What you are asked to do
Repeat the records exactly, with one exception: no images.

Records from a data source:
----------
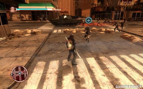 到处都是感染的人群,头顶有红色箭头的士兵就是目标,如果走太开了,可以看小地图找出来。这里要肉搏,上前左右键交替使用,主角的功夫其实还不错的。或者你可以捡起他们的枪,自动锁定,直射就是了。
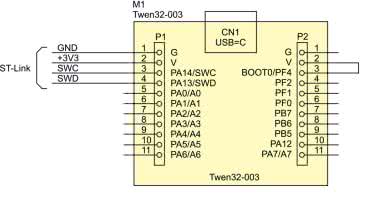 Programator-debugger jest podłączony do portów PA13 (linia SWDIO) i PA14 (linia SWCLK) mikrokontrolera. Dodatkowo port PF4 (linia BOOT0) mikrokontrolera dołączono do szyny zasilania, co wymusza wykonywanie przez mikrokontroler kodu fabrycznego bootloadera. Okazało się to konieczne, ponieważ bootloader platformy http://haohaodada.com, z którym dostarczana jest płytka TWen32F003, zmienia przy starcie konfigurację portów PA13 i PA14, odłączając je od układu SWD i blokując tym samym możliwość połączenia z programatorem-debuggerem.
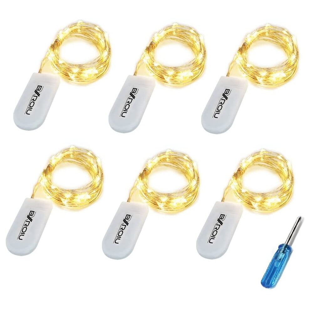 BXROIU ES-LCL-088 6-Pack 2m Fairy Lights with Silver Micro Wire, 20 LEDs, CR2032 Battery Operated, Warm White
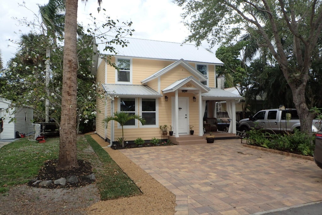 Cozy Historic Charmer on cottage lot within walking distance to downtown Stuart shopping district & waterfront. This home has been extensively remodeled/rebuilt with a new FR/Kitchen addition in 2022 including all electrical, plumbing, mechanical, roof, insulated impact windows and interior finishes. (Everything New). New detached Workshop/Garage (ie; Mancave/Sheshed) with kitchenette/full bath and 2nd level flex area. Exterior wired/plumbed for RV parking, generator and hot tub. Ample parking via gravel drive on side over 100' and 2+ paver parking pad. Full attic w/walk up stairs. Master Bedroom Suite on Main level. 2BR''s, 1 Bath & office area-2nd floor. Custom Kitchen w high top bar area and breakfast nook (ample solid wood cabinets/marble (dolomite) countertops. Tropical Paradise!!
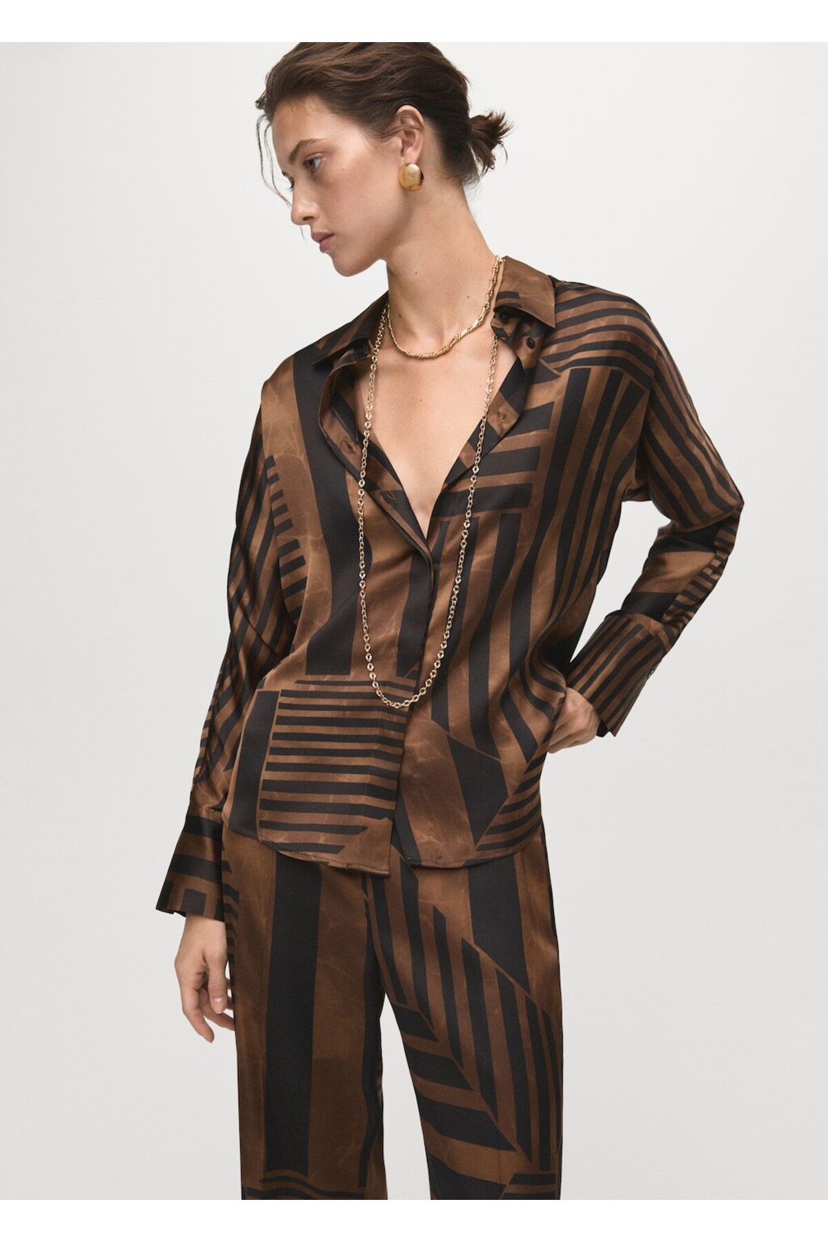 MANGO Woman Çizgili saten gömlek Özellikleri
----------
Exercise solution
 到处都是感染的人群,头顶有红色箭头的士兵就是目标,如果走太开了,可以看小地图找出来。这里要肉搏,上前左右键交替使用,主角的功夫其实还不错的。或者你可以捡起他们的枪,自动锁定,直射就是了。
 Programator-debugger jest podłączony do portów PA13 (linia SWDIO) i PA14 (linia SWCLK) mikrokontrolera. Dodatkowo port PF4 (linia BOOT0) mikrokontrolera dołączono do szyny zasilania, co wymusza wykonywanie przez mikrokontroler kodu fabrycznego bootloadera. Okazało się to konieczne, ponieważ bootloader platformy http://haohaodada.com, z którym dostarczana jest płytka TWen32F003, zmienia przy starcie konfigurację portów PA13 i PA14, odłączając je od układu SWD i blokując tym samym możliwość połączenia z programatorem-debuggerem.
 BXROIU ES-LCL-088 6-Pack 2m Fairy Lights with Silver Micro Wire, 20 LEDs, CR2032 Battery Operated, Warm White
 Cozy Historic Charmer on cottage lot within walking distance to downtown Stuart shopping district & waterfront. This home has been extensively remodeled/rebuilt with a new FR/Kitchen addition in 2022 including all electrical, plumbing, mechanical, roof, insulated impact windows and interior finishes. (Everything New). New detached Workshop/Garage (ie; Mancave/Sheshed) with kitchenette/full bath and 2nd level flex area. Exterior wired/plumbed for RV parking, generator and hot tub. Ample parking via gravel drive on side over 100' and 2+ paver parking pad. Full attic w/walk up stairs. Master Bedroom Suite on Main level. 2BR''s, 1 Bath & office area-2nd floor. Custom Kitchen w high top bar area and breakfast nook (ample solid wood cabinets/marble (dolomite) countertops. Tropical Paradise!!
 MANGO Woman Çizgili saten gömlek Özellikleri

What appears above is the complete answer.